## Problem details:
When you copy the data, keep every word exactly as it is and leave the pictures out.

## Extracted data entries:
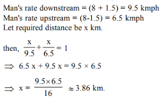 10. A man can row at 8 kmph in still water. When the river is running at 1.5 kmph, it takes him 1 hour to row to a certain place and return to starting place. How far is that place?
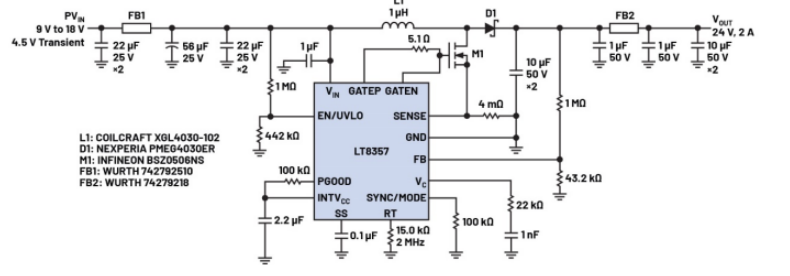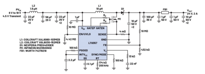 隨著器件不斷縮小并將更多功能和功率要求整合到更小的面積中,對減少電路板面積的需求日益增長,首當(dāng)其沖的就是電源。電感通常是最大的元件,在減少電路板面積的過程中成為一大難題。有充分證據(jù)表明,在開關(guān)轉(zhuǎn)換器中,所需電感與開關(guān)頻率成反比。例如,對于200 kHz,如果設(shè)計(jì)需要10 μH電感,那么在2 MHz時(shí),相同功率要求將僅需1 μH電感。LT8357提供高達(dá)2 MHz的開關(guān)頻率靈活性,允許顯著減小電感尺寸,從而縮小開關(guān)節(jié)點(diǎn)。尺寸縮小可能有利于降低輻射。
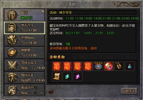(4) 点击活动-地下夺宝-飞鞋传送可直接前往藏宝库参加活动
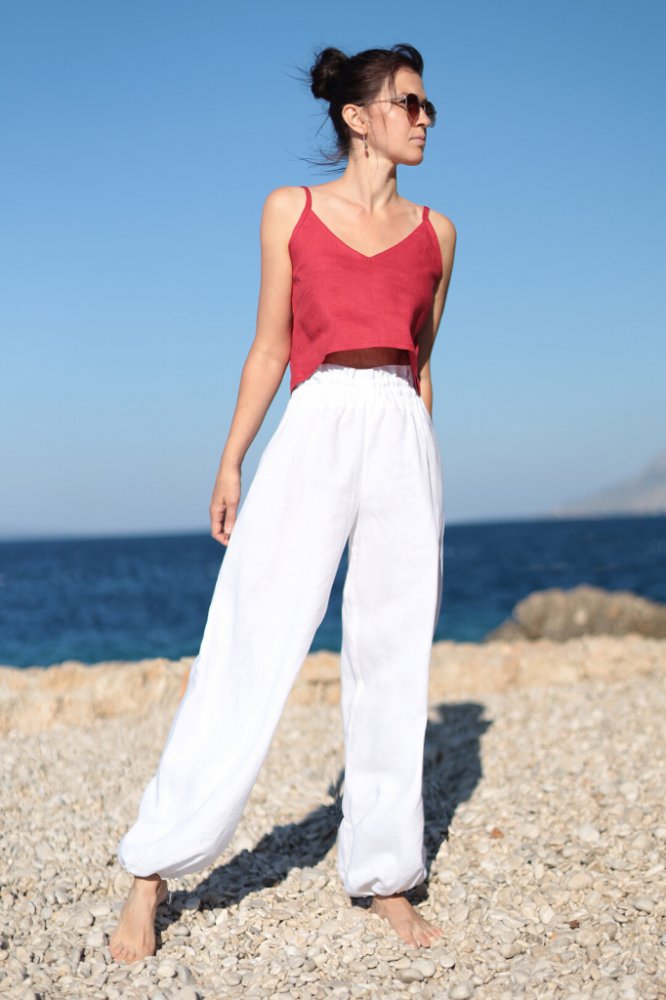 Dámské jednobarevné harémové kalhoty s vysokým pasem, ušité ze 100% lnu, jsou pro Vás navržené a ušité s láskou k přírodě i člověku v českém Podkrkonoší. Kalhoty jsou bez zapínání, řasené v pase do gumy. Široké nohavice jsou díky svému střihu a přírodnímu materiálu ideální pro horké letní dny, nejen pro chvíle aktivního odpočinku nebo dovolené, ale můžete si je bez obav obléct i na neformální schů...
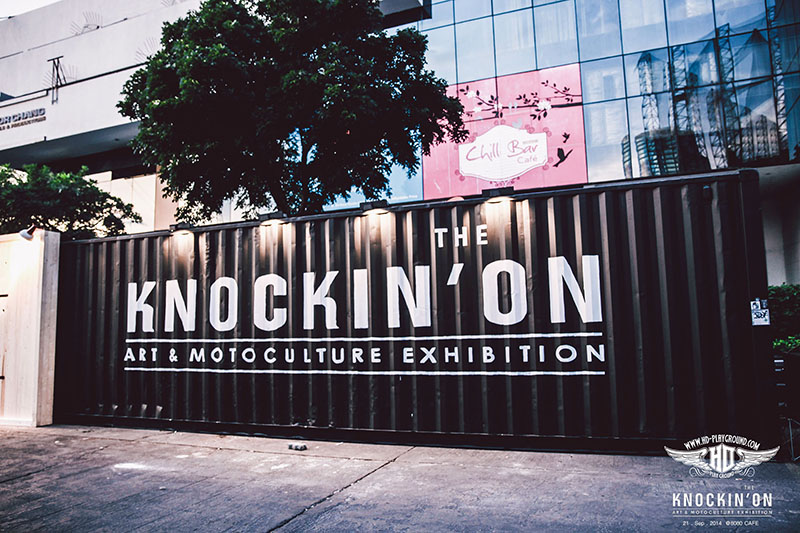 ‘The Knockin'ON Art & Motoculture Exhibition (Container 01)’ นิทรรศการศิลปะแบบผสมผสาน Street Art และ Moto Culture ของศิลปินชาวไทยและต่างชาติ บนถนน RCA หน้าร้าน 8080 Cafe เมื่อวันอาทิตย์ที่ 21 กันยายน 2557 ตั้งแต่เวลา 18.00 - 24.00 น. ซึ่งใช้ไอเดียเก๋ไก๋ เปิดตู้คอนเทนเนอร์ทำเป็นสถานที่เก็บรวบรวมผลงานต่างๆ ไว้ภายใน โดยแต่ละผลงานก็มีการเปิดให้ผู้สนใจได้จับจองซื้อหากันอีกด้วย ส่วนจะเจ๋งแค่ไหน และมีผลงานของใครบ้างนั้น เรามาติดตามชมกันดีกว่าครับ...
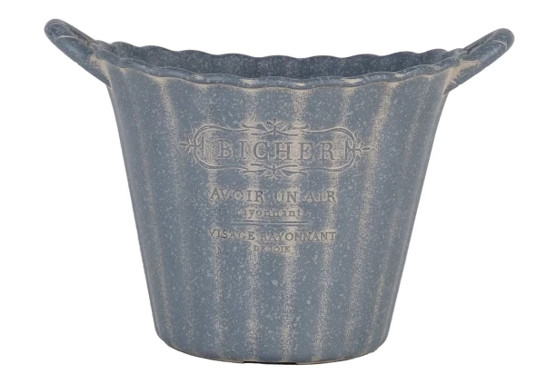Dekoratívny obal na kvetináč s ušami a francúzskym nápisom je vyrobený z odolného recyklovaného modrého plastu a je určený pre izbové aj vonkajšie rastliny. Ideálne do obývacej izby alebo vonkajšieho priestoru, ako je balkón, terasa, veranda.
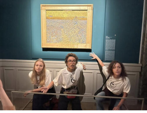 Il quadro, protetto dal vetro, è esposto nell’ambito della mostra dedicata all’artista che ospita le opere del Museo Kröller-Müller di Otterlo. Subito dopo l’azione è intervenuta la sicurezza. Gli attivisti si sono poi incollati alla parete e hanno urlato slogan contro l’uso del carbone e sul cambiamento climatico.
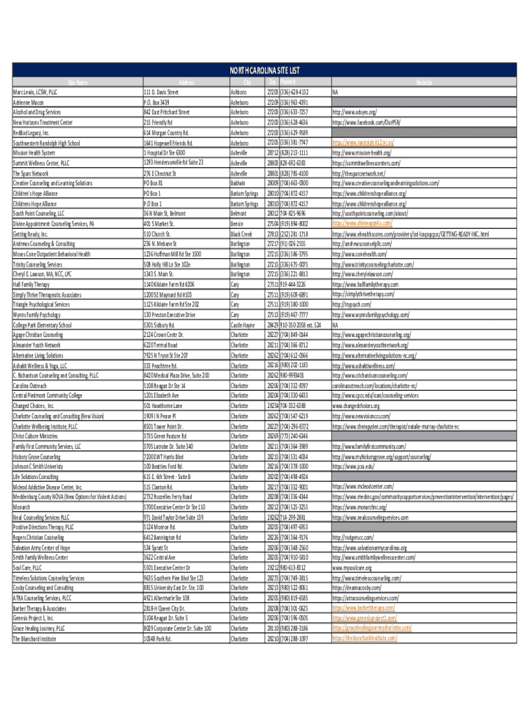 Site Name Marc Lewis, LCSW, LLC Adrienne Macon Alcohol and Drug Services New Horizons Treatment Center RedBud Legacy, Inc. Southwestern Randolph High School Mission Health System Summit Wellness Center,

## Solution for this problem:
 10. A man can row at 8 kmph in still water. When the river is running at 1.5 kmph, it takes him 1 hour to row to a certain place and return to starting place. How far is that place?
 隨著器件不斷縮小并將更多功能和功率要求整合到更小的面積中,對減少電路板面積的需求日益增長,首當(dāng)其沖的就是電源。電感通常是最大的元件,在減少電路板面積的過程中成為一大難題。有充分證據(jù)表明,在開關(guān)轉(zhuǎn)換器中,所需電感與開關(guān)頻率成反比。例如,對于200 kHz,如果設(shè)計(jì)需要10 μH電感,那么在2 MHz時(shí),相同功率要求將僅需1 μH電感。LT8357提供高達(dá)2 MHz的開關(guān)頻率靈活性,允許顯著減小電感尺寸,從而縮小開關(guān)節(jié)點(diǎn)。尺寸縮小可能有利于降低輻射。
(4) 点击活动-地下夺宝-飞鞋传送可直接前往藏宝库参加活动
 Dámské jednobarevné harémové kalhoty s vysokým pasem, ušité ze 100% lnu, jsou pro Vás navržené a ušité s láskou k přírodě i člověku v českém Podkrkonoší. Kalhoty jsou bez zapínání, řasené v pase do gumy. Široké nohavice jsou díky svému střihu a přírodnímu materiálu ideální pro horké letní dny, nejen pro chvíle aktivního odpočinku nebo dovolené, ale můžete si je bez obav obléct i na neformální schů...
 ‘The Knockin'ON Art & Motoculture Exhibition (Container 01)’ นิทรรศการศิลปะแบบผสมผสาน Street Art และ Moto Culture ของศิลปินชาวไทยและต่างชาติ บนถนน RCA หน้าร้าน 8080 Cafe เมื่อวันอาทิตย์ที่ 21 กันยายน 2557 ตั้งแต่เวลา 18.00 - 24.00 น. ซึ่งใช้ไอเดียเก๋ไก๋ เปิดตู้คอนเทนเนอร์ทำเป็นสถานที่เก็บรวบรวมผลงานต่างๆ ไว้ภายใน โดยแต่ละผลงานก็มีการเปิดให้ผู้สนใจได้จับจองซื้อหากันอีกด้วย ส่วนจะเจ๋งแค่ไหน และมีผลงานของใครบ้างนั้น เรามาติดตามชมกันดีกว่าครับ...
Dekoratívny obal na kvetináč s ušami a francúzskym nápisom je vyrobený z odolného recyklovaného modrého plastu a je určený pre izbové aj vonkajšie rastliny. Ideálne do obývacej izby alebo vonkajšieho priestoru, ako je balkón, terasa, veranda.
 Il quadro, protetto dal vetro, è esposto nell’ambito della mostra dedicata all’artista che ospita le opere del Museo Kröller-Müller di Otterlo. Subito dopo l’azione è intervenuta la sicurezza. Gli attivisti si sono poi incollati alla parete e hanno urlato slogan contro l’uso del carbone e sul cambiamento climatico.
 Site Name Marc Lewis, LCSW, LLC Adrienne Macon Alcohol and Drug Services New Horizons Treatment Center RedBud Legacy, Inc. Southwestern Randolph High School Mission Health System Summit Wellness Center,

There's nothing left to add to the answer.